This talk covers two emerging concerns related to this growing trend. One is the collection of large in-the-wild datasets and the effects of this extended uncontrolled collection in the results [4]. Another concern is how the diagnosis may be done without compromising patient privacy [18].
As a proof-of-concept, we will discuss these two aspects and show our results for two target diseases, Depression and Cold, a selection motivated by the availability of corresponding lab datasets distributed in paralinguistic challenges. The availability of these lab datasets allowed us to build a baseline system for each disease, using a simple neural network trained with common features that have not been optimized for either disease. Given the modular architecture adopted, each component of the system can be individually improved at a later stage, although the limited amount of data does not motivate us to exploit deeper networks.

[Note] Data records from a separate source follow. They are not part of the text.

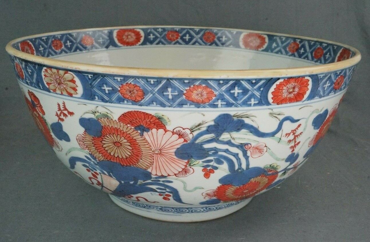 18th Century Kangxi Chinese Imari Export Punch Bowl 14 Inch Diameter
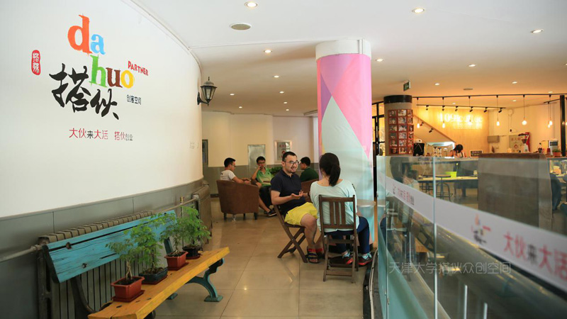 在“搭伙”众创空间的墙上有学生们手绘的一句话:“大伙来大活,搭伙创业”。“大活”是学生们对天津大学大学生活动中心的简称,而创业过程尤其需要搭伴前行、搭伙取暖。“搭伙”众创空间由两部分组成:卫津路校区“搭伙”和北洋园校区“搭伙”,总面积8000余平方米,承载创业咖啡、路演区、咨询服务中心,联合办公、小型会议、创业讲堂等功能,为入驻团队提供免费工位、无偿wifi接入、法律咨询、公司注册、驻校天使人投资等服务。
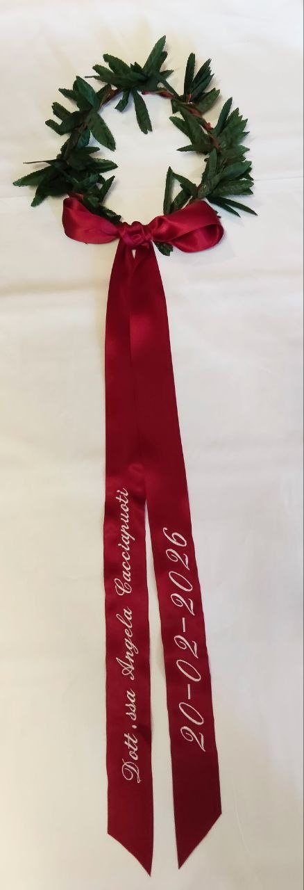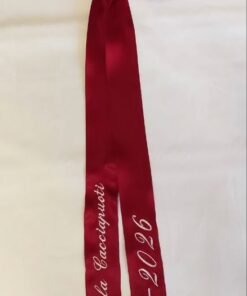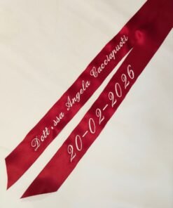 Fiocco laurea personalizzato realizzato con nastro rosso bordato e ricamo bianco, simbolo della tradizione e del traguardo raggiunto.

Our mining effort has been focused on video blogs (vlogs), that include a single speaker which, at some point, admits that he/she is currently affected by a given disease. Retrieving vlogs with the target disease involves not only a simple query (i.e. depression vlog), but also a post-filtering stage to exclude videos that do not correspond to our target of first person, present experiences (lectures, in particular, are relatively frequent). This filtering stage combines multimodal features automatically extracted from the video and its metadata, using mostly off-the-shelf tools.
We collected a large dataset for each target disease from YouTube, and manually labelled a small subset which we named the in-the-Wild Speech Medical (WSM) corpus. Although our mining efforts made use of relatively simple techniques using mostly existing toolkits, they proved effective. The best performing models achieved a precision of \(88\%\) and \(93\%\), and a recall of \(97\%\) and \(72\%\), for the datasets of Cold and Depression, respectively, in the task of filtering videos containing these speech affecting diseases.

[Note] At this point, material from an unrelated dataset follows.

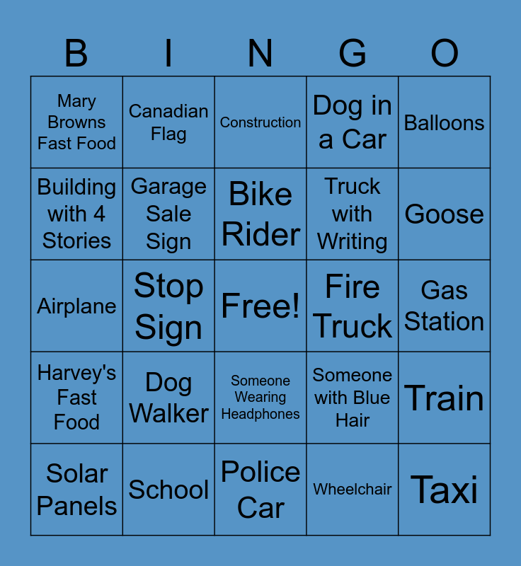 This bingo card has a free space and 24 words: Dog Walker, School, Bike Rider, Solar Panels, Balloons, Mary Browns Fast Food, Building with 4 Stories, Canadian Flag, Fire Truck, Someone Wearing Headphones, Truck with Writing, Airplane, Someone with Blue Hair, Train, Garage Sale Sign, Wheelchair, Gas Station, Construction, Goose, Stop Sign, Taxi, Harvey's Fast Food, Dog in a Car and Police Car.

We compared the performance of our baseline neural network classifiers trained with data collected in controlled conditions in tests with corresponding in-the-wild data. For the Cold datasets, the baseline neural network achieved an Unweighted Average Recall (UAR) of 66.9% for the controlled dataset, and 53.1% for the manually labelled subset of the WSM corpus. For the Depression datasets, the corresponding values were 60.6%, and 54.8%, respectively (at interview level, the UAR increased to 61.9% for the vlog corpus). The performance degradation that we had anticipated for using in-the-wild data may be due to a greater variability in recording conditions (p.e. microphone, noise) and in the effects of speech altering diseases in the subjects’ speech. Our current work with vlog datasets attempts to estimate the quality of the predicted labels of a very large set in an unsupervised way, using noisy models.

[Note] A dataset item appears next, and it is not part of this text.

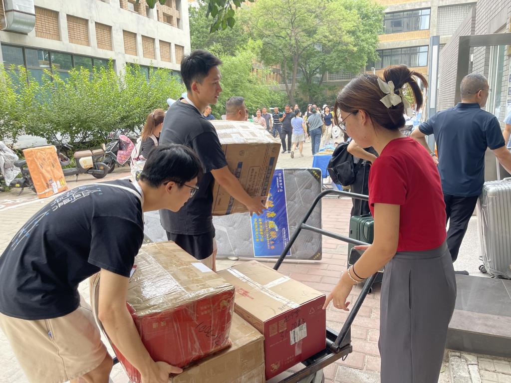 线上,志愿者们与有需求的新生单独对接,确定其到校时间和行李情况,为线下志愿者开展工作提供准确信息,并实时为新生答疑解惑,确保新生顺利入校。线下,志愿者们提供点对点服务,积极搬运行李,支部委员分楼分时段负责,核对新生及行李信息,确保志愿活动有序开展。对于没有登记需求的新生,志愿者们在完成已分配的任务后也主动提供帮助。除去身体的疲惫,志愿者脸上始终带着亲切热情的微笑。与此同时,星火志愿服务队再起新篇,为新生提供贴心的校园游览的服务,向新生介绍亚非的历史,讲述北外的故事,新老传承从新生步入校园的一刻就已经开始。

The second aspect we addressed was patient privacy. Privacy is an emerging concern among users of voice-activated digital assistants, sparkled by the awareness of devices that must be always in the listening mode. Despite this growing concern, the potential misuse of health related speech based cues has not yet been fully realized. This is the motivation for adopting secure computation frameworks, in which cryptographic techniques are combined with state-of-the-art machine learning algorithms. Privacy in speech processing is an interdisciplinary topic, which was first applied to speaker verification, using Secure Multi-Party Computation, and Secure Modular Hashing techniques [1, 15], and later to speech emotion recognition, also using hashing techniques [6]. The most recent efforts on privacy preserving speech processing have followed the progress in secure machine learning, combining neural networks and Full Homomorphic Encryption (FHE) [3, 8, 9].
In this work, we applied an encrypted neural network, following the FHE paradigm, to the problem of secure detection of pathological speech. This was done by developing an encrypted version of a neural network, trained with unencrypted data, in order to produce encrypted predictions of health-related labels. As proof-of-concept, we used the same two above mentioned target diseases, and compared the performance of the simple neural network classifiers with their encrypted counterparts on datasets collected in controlled conditions. For the Cold dataset, the baseline neural network achieved a UAR of 66.9%, whereas the encrypted network achieved 66.7%. For the Depression dataset, the baseline value was 60.6%, whereas the encrypted network achieved 60.2% (67.9% at interview level). The slight difference in results showed the validity of our secure approach.
This approach relies on the computation of features on the client side before encryption, with only the inference stage being computed in an encrypted setting. Ideally, an end-to-end approach would overcome this limitation, but combining convolutional neural networks with FHE imposes severe limitations to their size. Likewise, the use of recurrent layers such as LSTMs (Long Short Term Memory) also requires a number of operations too large for current FHE frameworks, making them computationally unfeasible as well.
FHE schemes, by construction, only work with integers, whilst neural networks work with real numbers. By using encoding methods to convert real weights to integers we are throwing away the capability of using an FHE batching technique that would allow us to compute several predictions, at the same time, using the same encrypted value. Recent advances in machine learning have pushed towards the “quantization” and“discretization” of neural networks, so that models occupy less space and operations consume less power. Some works have already implemented these techniques using homomorphic encryption, such as Binarized Neural Networks [10, 11, 16] and Discretized Neural Networks [2]. The talk will also cover our recent efforts in applying this type of approach to the detection of health related cues in speech signals, while discretizing the network and maximizing the throughput of its encrypted counterpart.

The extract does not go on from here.